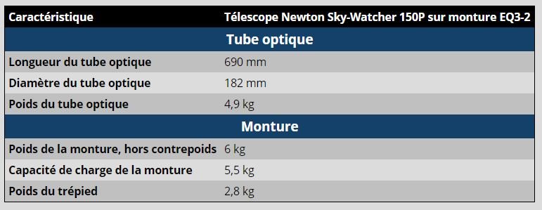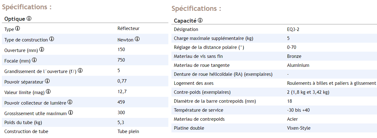 - un newton 150/750 sur monture équatoriale de type EQ/NEQ  3-2 qui pourra ultérieurement être complété (motorisation 1 ou 2 axes, Système GoTo,, etc)
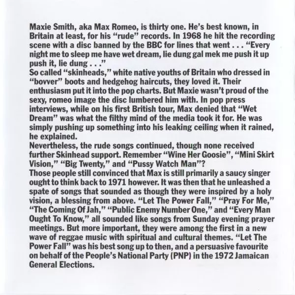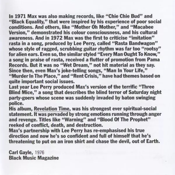 | Artiest | The Upsetters | Max Romeo |
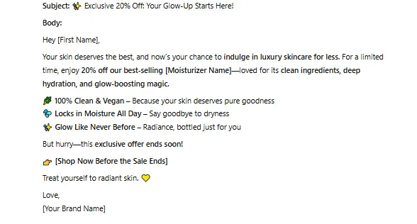 “Act as an experienced e-commerce email marketer. Write a high-converting promotional email for a limited-time 20% off sale on our luxury skincare brand’s best-selling moisturizer. The audience is beauty-conscious millennials who value clean ingredients and glowing skin. The tone should be elegant yet playful, emphasizing exclusivity and a sense of urgency. CTA: ‘Shop Now Before the Sale Ends!'”

Work required » The data above needs to be retyped exactly, with the images left out.

Exercise output »
 - un newton 150/750 sur monture équatoriale de type EQ/NEQ  3-2 qui pourra ultérieurement être complété (motorisation 1 ou 2 axes, Système GoTo,, etc)
 | Artiest | The Upsetters | Max Romeo |
 “Act as an experienced e-commerce email marketer. Write a high-converting promotional email for a limited-time 20% off sale on our luxury skincare brand’s best-selling moisturizer. The audience is beauty-conscious millennials who value clean ingredients and glowing skin. The tone should be elegant yet playful, emphasizing exclusivity and a sense of urgency. CTA: ‘Shop Now Before the Sale Ends!'”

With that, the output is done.